═══ Task input ═══
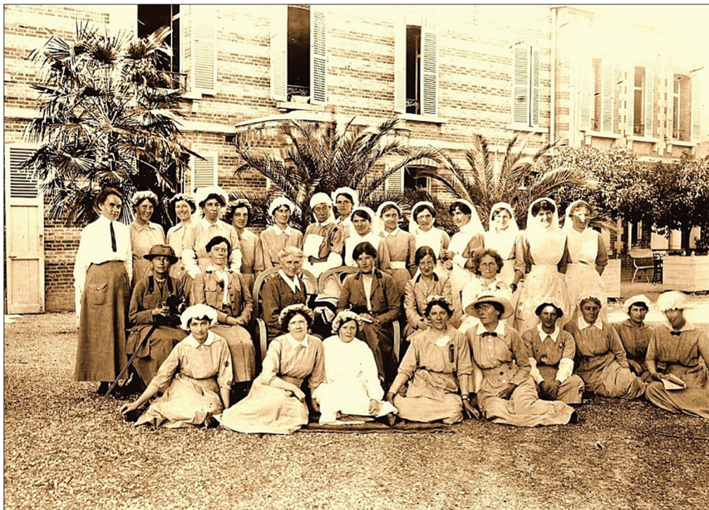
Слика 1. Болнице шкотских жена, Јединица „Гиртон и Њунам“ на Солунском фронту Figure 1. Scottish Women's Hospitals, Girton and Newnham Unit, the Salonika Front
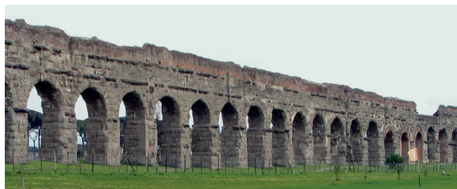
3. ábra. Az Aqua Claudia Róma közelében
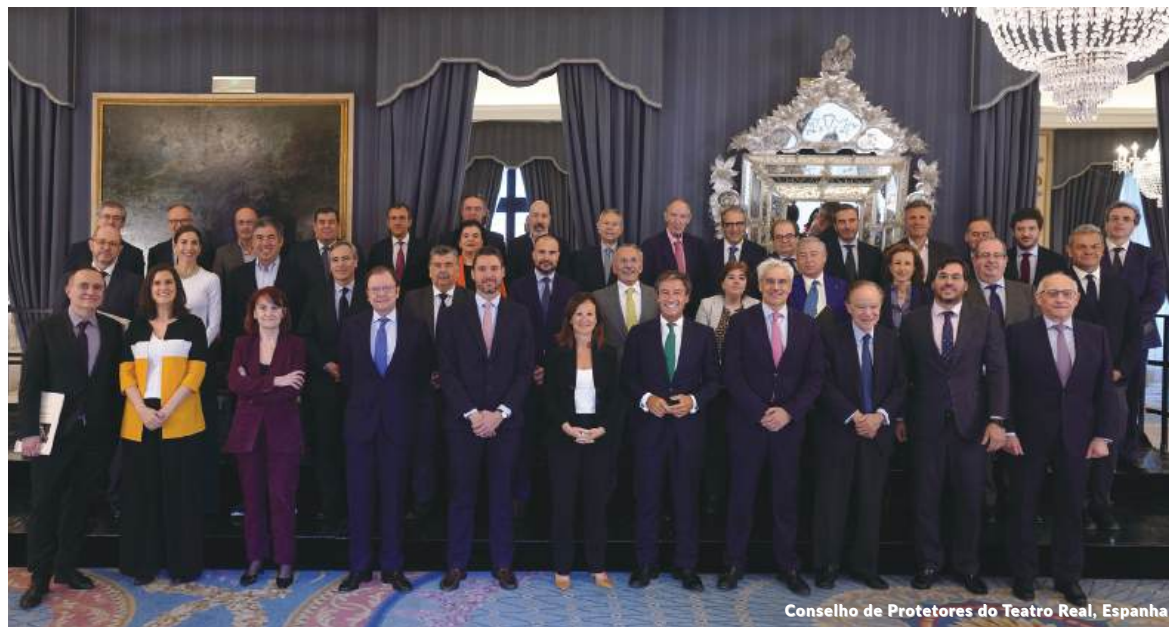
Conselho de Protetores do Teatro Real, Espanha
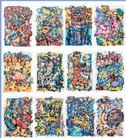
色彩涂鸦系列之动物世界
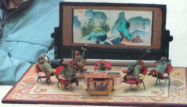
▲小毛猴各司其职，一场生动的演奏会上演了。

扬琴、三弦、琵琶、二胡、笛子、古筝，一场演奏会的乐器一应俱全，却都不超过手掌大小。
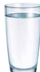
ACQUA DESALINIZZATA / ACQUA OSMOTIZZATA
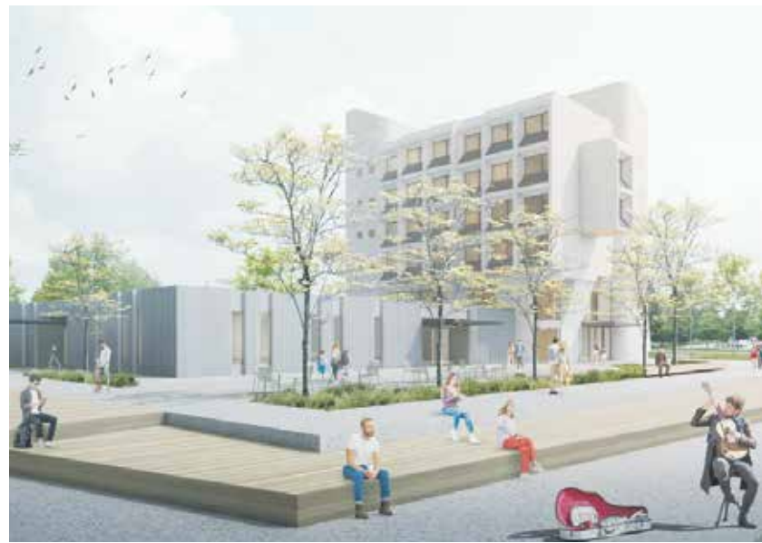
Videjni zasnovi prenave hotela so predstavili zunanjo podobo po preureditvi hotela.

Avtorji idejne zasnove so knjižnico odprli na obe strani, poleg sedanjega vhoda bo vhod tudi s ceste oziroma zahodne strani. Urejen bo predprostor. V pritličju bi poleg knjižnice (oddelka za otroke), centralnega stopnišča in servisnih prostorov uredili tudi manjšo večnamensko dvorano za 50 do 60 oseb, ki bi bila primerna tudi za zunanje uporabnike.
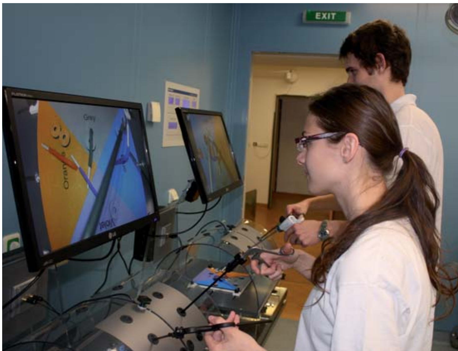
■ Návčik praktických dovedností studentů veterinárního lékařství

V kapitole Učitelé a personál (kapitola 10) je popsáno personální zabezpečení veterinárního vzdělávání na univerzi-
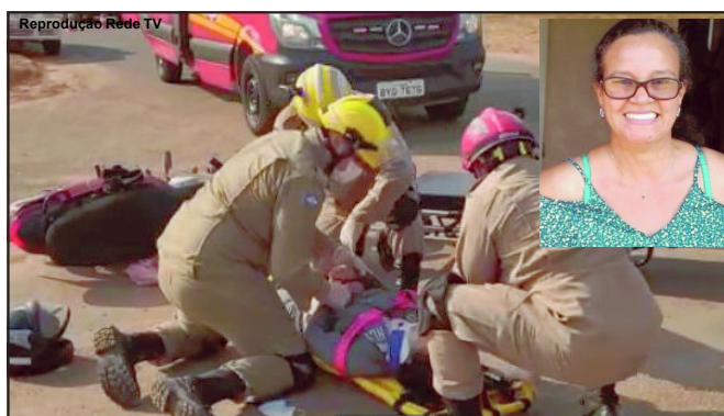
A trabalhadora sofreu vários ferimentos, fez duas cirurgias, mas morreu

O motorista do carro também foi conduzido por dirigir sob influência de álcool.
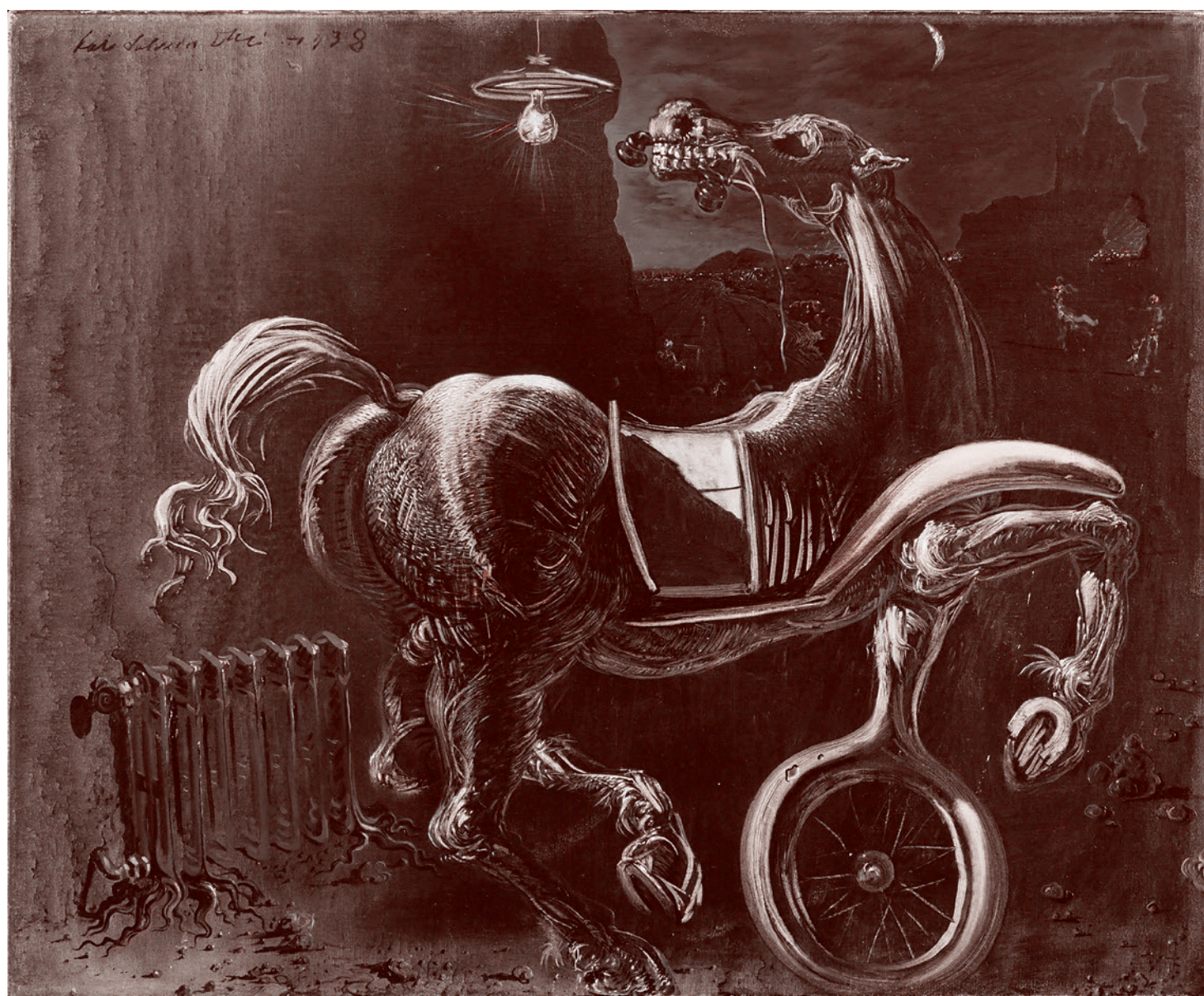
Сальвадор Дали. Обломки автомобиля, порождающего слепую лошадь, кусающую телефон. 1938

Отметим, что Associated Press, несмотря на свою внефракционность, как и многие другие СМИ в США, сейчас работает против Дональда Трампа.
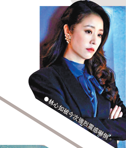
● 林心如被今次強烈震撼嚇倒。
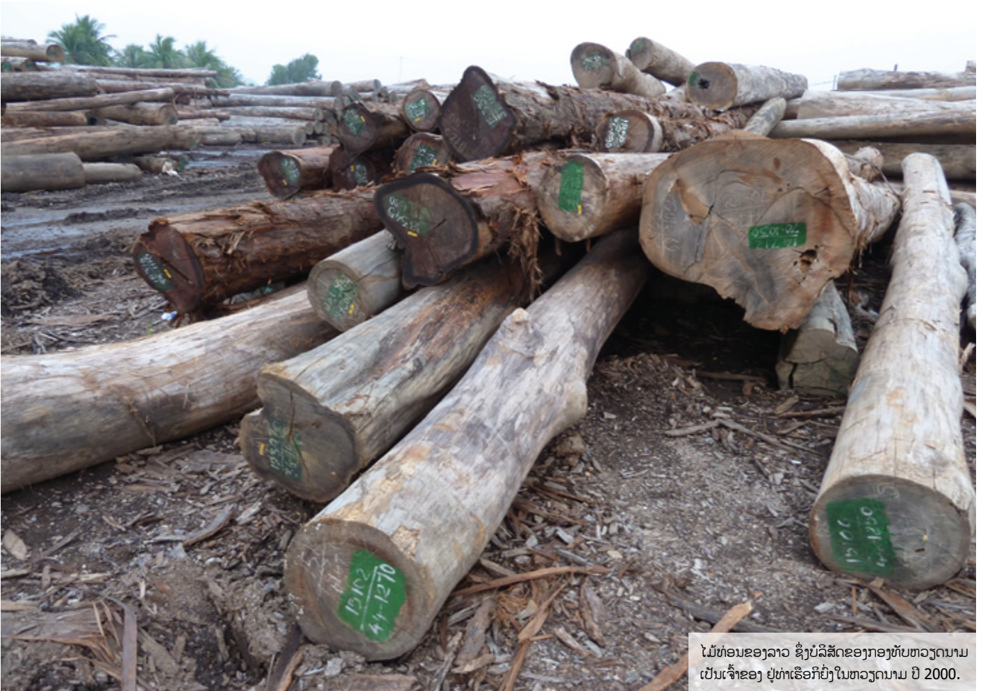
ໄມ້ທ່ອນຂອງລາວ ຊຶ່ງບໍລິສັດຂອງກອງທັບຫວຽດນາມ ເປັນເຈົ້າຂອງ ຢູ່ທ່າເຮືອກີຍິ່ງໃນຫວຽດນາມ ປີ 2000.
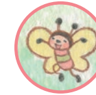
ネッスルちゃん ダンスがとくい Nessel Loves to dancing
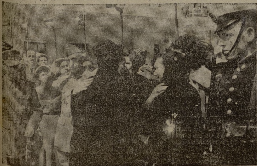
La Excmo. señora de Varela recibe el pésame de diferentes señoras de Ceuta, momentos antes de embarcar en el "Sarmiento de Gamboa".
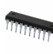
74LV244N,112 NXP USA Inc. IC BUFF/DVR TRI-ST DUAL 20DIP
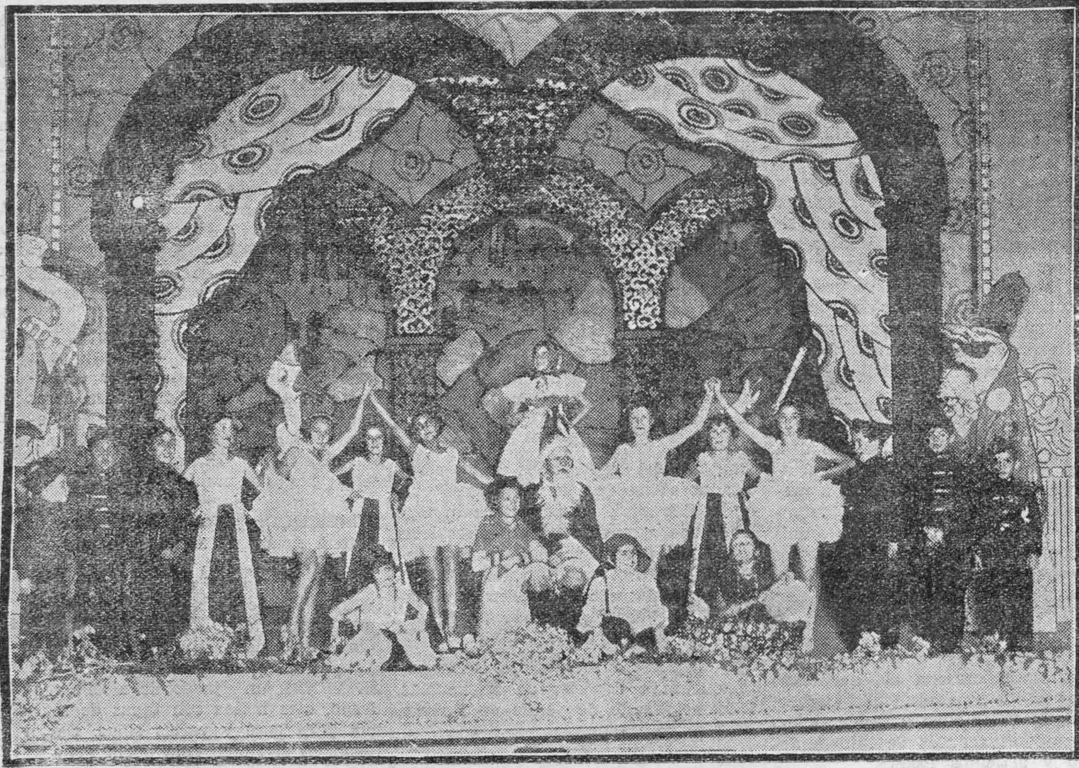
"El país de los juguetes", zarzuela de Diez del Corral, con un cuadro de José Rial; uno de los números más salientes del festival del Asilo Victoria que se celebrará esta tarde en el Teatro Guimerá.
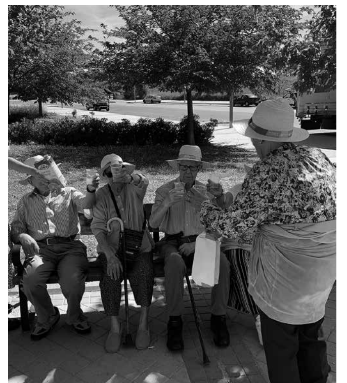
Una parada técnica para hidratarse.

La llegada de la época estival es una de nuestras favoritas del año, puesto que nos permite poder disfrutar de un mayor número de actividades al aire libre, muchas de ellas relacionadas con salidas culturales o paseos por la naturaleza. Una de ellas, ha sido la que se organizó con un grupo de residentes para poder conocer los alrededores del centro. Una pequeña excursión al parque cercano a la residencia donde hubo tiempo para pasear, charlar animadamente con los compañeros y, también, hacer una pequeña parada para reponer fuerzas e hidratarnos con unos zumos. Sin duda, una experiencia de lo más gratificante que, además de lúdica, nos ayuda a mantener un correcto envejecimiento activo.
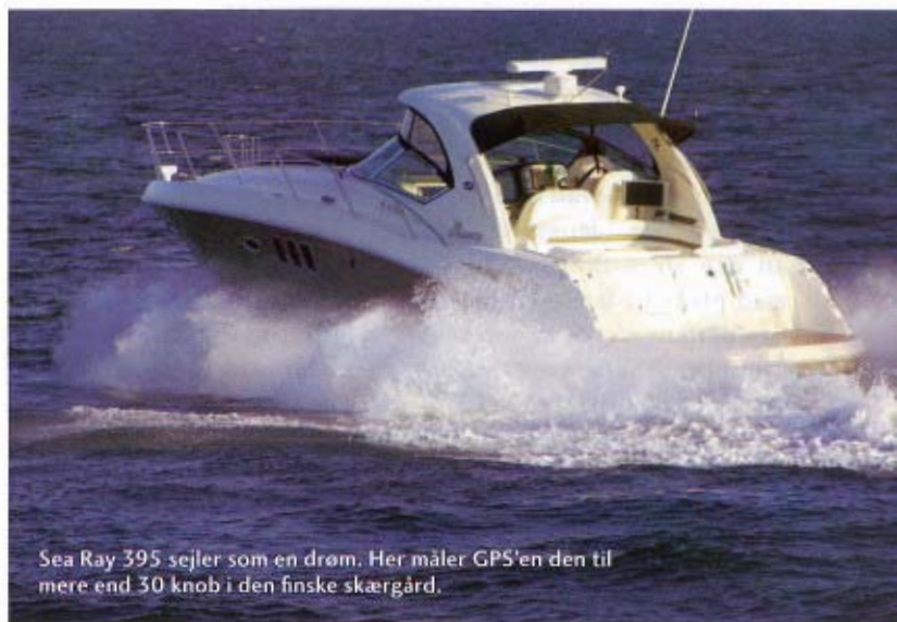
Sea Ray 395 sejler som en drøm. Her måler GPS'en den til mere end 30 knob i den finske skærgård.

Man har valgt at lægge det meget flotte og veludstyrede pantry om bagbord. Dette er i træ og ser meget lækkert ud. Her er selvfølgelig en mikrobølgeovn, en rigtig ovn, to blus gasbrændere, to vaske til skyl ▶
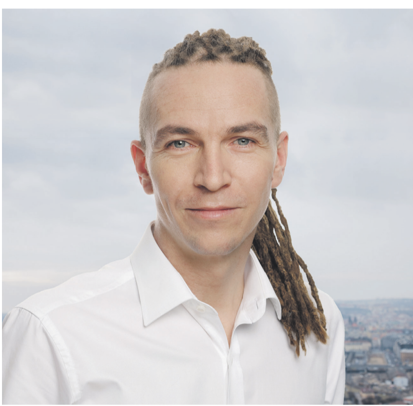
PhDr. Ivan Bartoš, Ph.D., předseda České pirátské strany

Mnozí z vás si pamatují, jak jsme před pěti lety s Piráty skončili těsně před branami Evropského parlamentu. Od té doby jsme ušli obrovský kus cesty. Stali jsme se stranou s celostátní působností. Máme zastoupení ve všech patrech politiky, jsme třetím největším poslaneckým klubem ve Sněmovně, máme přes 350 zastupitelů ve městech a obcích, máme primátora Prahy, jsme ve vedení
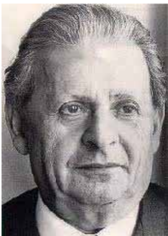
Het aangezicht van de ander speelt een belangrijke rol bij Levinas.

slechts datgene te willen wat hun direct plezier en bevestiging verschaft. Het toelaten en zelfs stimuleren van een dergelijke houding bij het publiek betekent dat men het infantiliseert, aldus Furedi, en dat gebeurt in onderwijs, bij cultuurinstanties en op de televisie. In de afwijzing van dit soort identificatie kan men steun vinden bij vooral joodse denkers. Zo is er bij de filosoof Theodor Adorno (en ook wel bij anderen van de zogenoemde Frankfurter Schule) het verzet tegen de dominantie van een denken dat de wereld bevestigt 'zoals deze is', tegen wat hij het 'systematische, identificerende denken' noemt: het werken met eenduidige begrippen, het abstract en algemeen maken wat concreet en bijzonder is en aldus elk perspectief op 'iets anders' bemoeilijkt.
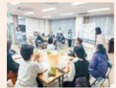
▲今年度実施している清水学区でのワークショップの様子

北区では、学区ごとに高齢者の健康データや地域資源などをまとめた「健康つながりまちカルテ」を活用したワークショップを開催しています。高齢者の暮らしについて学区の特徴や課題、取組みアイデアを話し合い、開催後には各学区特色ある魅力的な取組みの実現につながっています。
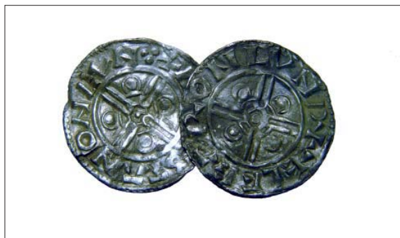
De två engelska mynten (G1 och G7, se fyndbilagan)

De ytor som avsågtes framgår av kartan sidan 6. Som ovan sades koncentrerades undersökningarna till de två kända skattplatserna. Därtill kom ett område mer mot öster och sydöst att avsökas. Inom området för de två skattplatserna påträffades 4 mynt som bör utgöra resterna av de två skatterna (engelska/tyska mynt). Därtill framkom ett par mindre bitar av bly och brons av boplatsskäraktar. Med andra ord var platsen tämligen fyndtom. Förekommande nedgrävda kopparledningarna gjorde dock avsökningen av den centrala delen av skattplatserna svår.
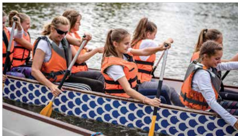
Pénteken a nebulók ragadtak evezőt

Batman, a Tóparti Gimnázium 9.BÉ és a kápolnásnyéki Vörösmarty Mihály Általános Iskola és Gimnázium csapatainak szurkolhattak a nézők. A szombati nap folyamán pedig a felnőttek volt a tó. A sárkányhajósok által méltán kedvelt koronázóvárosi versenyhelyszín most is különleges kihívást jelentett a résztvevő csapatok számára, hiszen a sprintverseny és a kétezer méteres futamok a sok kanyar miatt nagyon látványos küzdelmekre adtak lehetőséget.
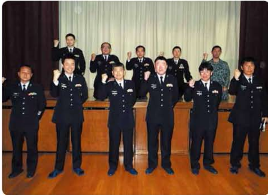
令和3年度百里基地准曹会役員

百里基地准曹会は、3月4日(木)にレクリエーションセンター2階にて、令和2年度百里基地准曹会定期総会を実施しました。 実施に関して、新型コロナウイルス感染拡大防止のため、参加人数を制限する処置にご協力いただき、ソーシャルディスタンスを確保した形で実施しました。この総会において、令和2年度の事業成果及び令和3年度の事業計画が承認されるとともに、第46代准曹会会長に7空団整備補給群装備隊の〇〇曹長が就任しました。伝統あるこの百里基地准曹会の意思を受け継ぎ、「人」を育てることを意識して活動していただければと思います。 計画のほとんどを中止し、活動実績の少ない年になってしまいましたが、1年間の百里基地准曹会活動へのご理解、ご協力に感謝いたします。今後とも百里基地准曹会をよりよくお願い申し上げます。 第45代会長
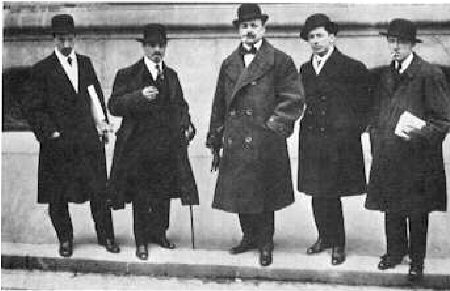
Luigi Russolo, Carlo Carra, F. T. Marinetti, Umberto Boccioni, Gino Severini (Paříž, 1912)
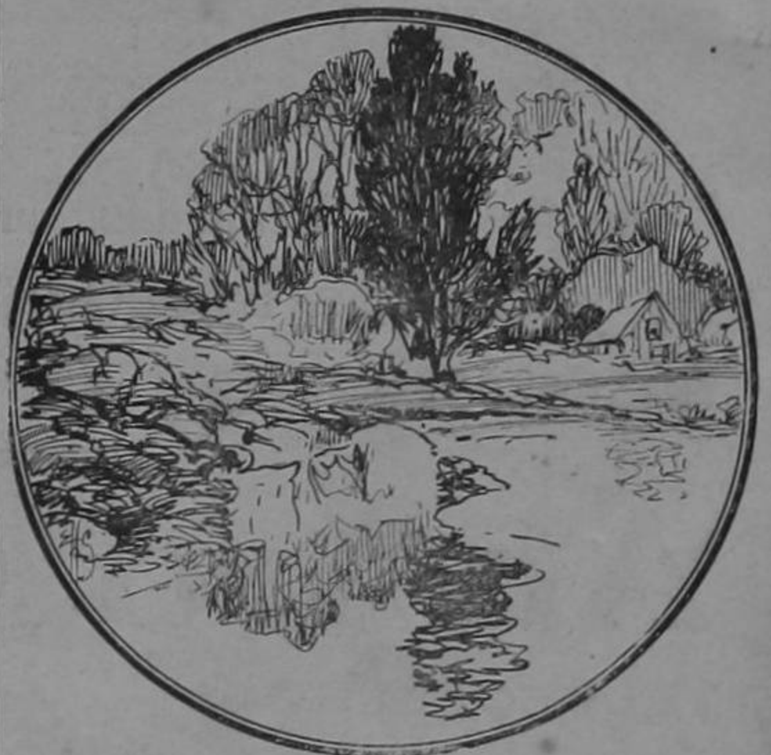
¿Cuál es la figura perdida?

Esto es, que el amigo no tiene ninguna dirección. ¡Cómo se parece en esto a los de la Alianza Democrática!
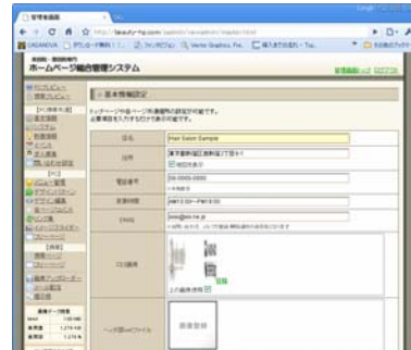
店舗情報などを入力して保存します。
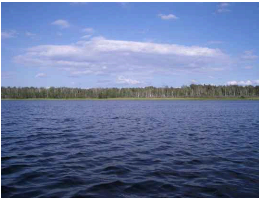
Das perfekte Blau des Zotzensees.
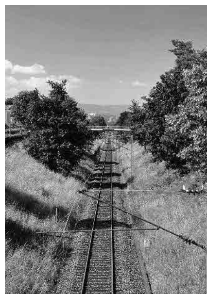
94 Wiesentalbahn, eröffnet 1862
═══
■ What the task requires ■
Beginning with the line above that contains "Conselho de Protetores" and finishing with the line that contains "A trabalhadora sofreu", print those lines exactly and only. Skip all pictures.

■ Task output ■
Conselho de Protetores do Teatro Real, Espanha
色彩涂鸦系列之动物世界
▲小毛猴各司其职，一场生动的演奏会上演了。

扬琴、三弦、琵琶、二胡、笛子、古筝，一场演奏会的乐器一应俱全，却都不超过手掌大小。
ACQUA DESALINIZZATA / ACQUA OSMOTIZZATA
Videjni zasnovi prenave hotela so predstavili zunanjo podobo po preureditvi hotela.

Avtorji idejne zasnove so knjižnico odprli na obe strani, poleg sedanjega vhoda bo vhod tudi s ceste oziroma zahodne strani. Urejen bo predprostor. V pritličju bi poleg knjižnice (oddelka za otroke), centralnega stopnišča in servisnih prostorov uredili tudi manjšo večnamensko dvorano za 50 do 60 oseb, ki bi bila primerna tudi za zunanje uporabnike.
■ Návčik praktických dovedností studentů veterinárního lékařství

V kapitole Učitelé a personál (kapitola 10) je popsáno personální zabezpečení veterinárního vzdělávání na univerzi-
A trabalhadora sofreu vários ferimentos, fez duas cirurgias, mas morreu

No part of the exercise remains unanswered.